As seguradoras marítimas reprecificam rapidamente o risco. Apólices para a região de Ormuz sobem várias casas decimais, encarecendo o frete e, por consequência, o preço final do barril. Ellender prevê que os prêmios de risco não voltam ao patamar anterior mesmo se o estreito for reaberto de forma sustentada. “As coisas não retornarão às condições anteriores à guerra”, diz. O efeito se espalha por toda a cadeia de transporte, de graneleiros a porta-contêineres, que passam a considerar rotas mais longas para evitar o gargalo.

Diplomacia frágil e horizonte de recuperação lento

Enquanto navios manobram para longe de Ormuz, a diplomacia tenta se aproximar em Islamabad. O Paquistão abriga a primeira rodada de conversas diretas entre Estados Unidos e Irã em décadas. As reuniões, porém, terminam sem acordo na semana passada. A capital paquistanesa se prepara para uma nova tentativa neste sábado, 25 de abril, sob um clima de segurança menos rígido que o da estreia, quando o vice-presidente americano JD Vance lidera a delegação de Washington.

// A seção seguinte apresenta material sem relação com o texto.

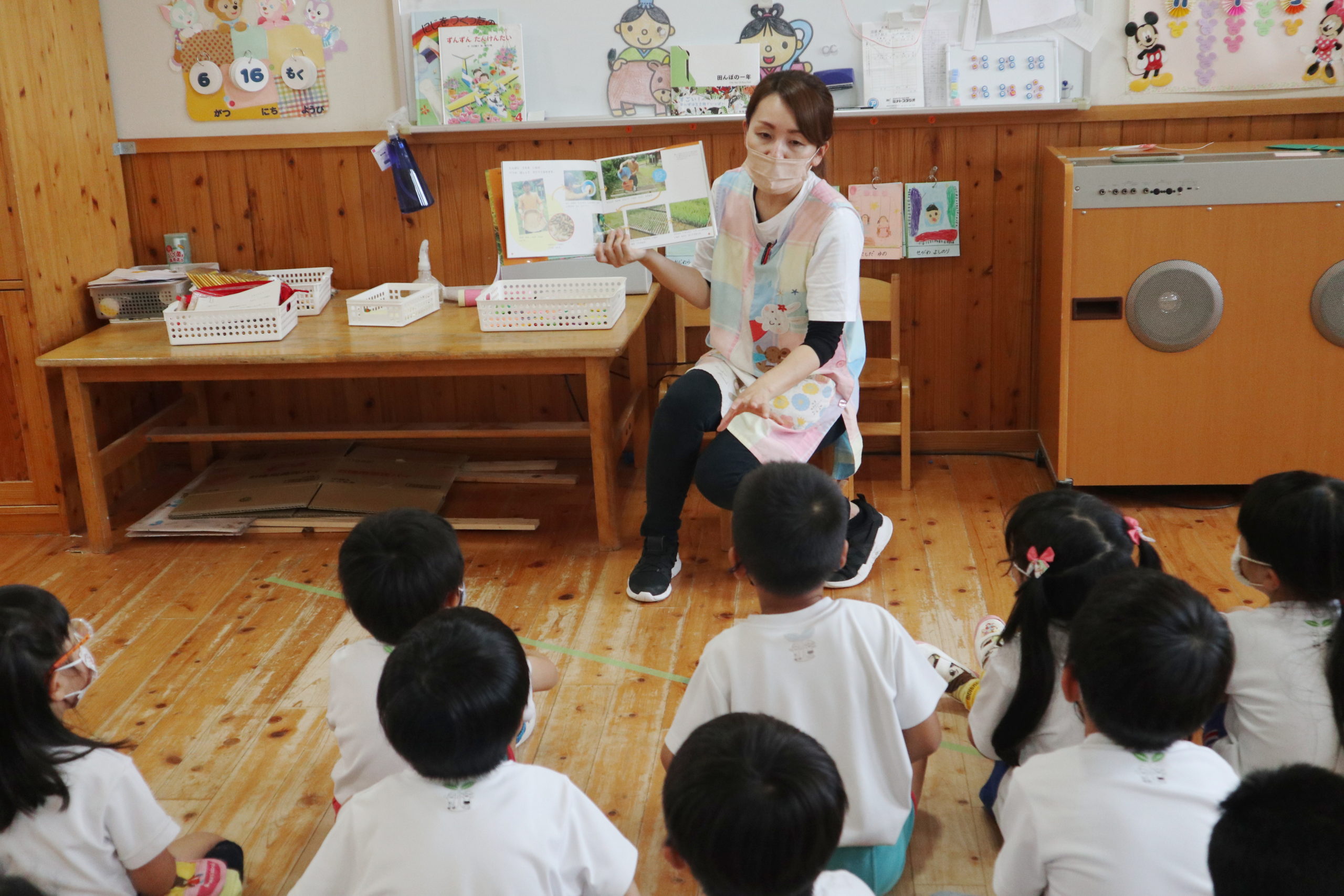 興味津々に話に耳を傾けるゆき組のこどもたち。

Nos arredores do Hotel Serena, sede das conversas, rolos de arame farpado continuam estendidos, mas o movimento interno muda de tom. O hotel avisa hóspedes que precisam deixar os quartos por causa de um evento de governo e suspende reservas por tempo indeterminado. A substituição do time americano também chama atenção. Em vez de Vance, a Casa Branca envia o empresário Steve Witkoff e Jared Kushner, genro de Donald Trump e figura-chave em negociações no Oriente Médio no passado recente.

Do lado iraniano, o ministro das Relações Exteriores, Abbas Araghchi, tenta baixar as expectativas. Ele desembarca em Islamabad na sexta-feira, 24 de abril, mas nega que vá se reunir com autoridades americanas. Segundo sua versão, a visita se limita a encontros com representantes do governo paquistanês. Publicamente, Teerã repete que não aceita “exigências maximalistas” e insiste em um cessar-fogo que inclua o fim dos ataques contra seu território.

No mercado, a pergunta central não é mais se o estreito volta a operar, e sim como e por quanto tempo. Ellender estima que, mesmo em um cenário benigno, a normalização é lenta. No primeiro mês após uma eventual reabertura estável, apenas cerca de 25% do fluxo normal retorna. Depois disso, começa o que ele chama de fase de “observação e espera”, com recuperação para algo entre 30% e 50% do volume pré-guerra. Só após mais seis semanas, sem novos ataques ou incidentes, teria início uma etapa de normalização mais robusta.

Mesmo nesse cenário otimista, a região sai diferente. Países do Golfo aceleram projetos para reduzir a dependência de Ormuz, com oleodutos atravessando o deserto e portos alternativos fora do estreito. Governos discutem ampliar terminais em águas mais seguras para contêineres e derivados, numa tentativa de redesenhar o mapa da logística de energia. “Tendo visto os eventos das últimas semanas, eles definitivamente investirão nisso”, afirma Ellender.

O estreito volta a ser o centro de uma crise que mistura tanques, navios e mesas de negociação. Cada dia de bloqueio alimenta a percepção de que a normalidade de antes não retorna tão cedo. Consumidores, produtores e governos olham para Ormuz não apenas como um ponto de tensão atual, mas como um teste de estresse para o sistema energético global. O desfecho das conversas em Islamabad indica o próximo capítulo, mas a pergunta que fica, no mercado e nas capitais, é se ainda é possível falar em “normal” quando uma artéria tão estratégica permanece sob ameaça constante.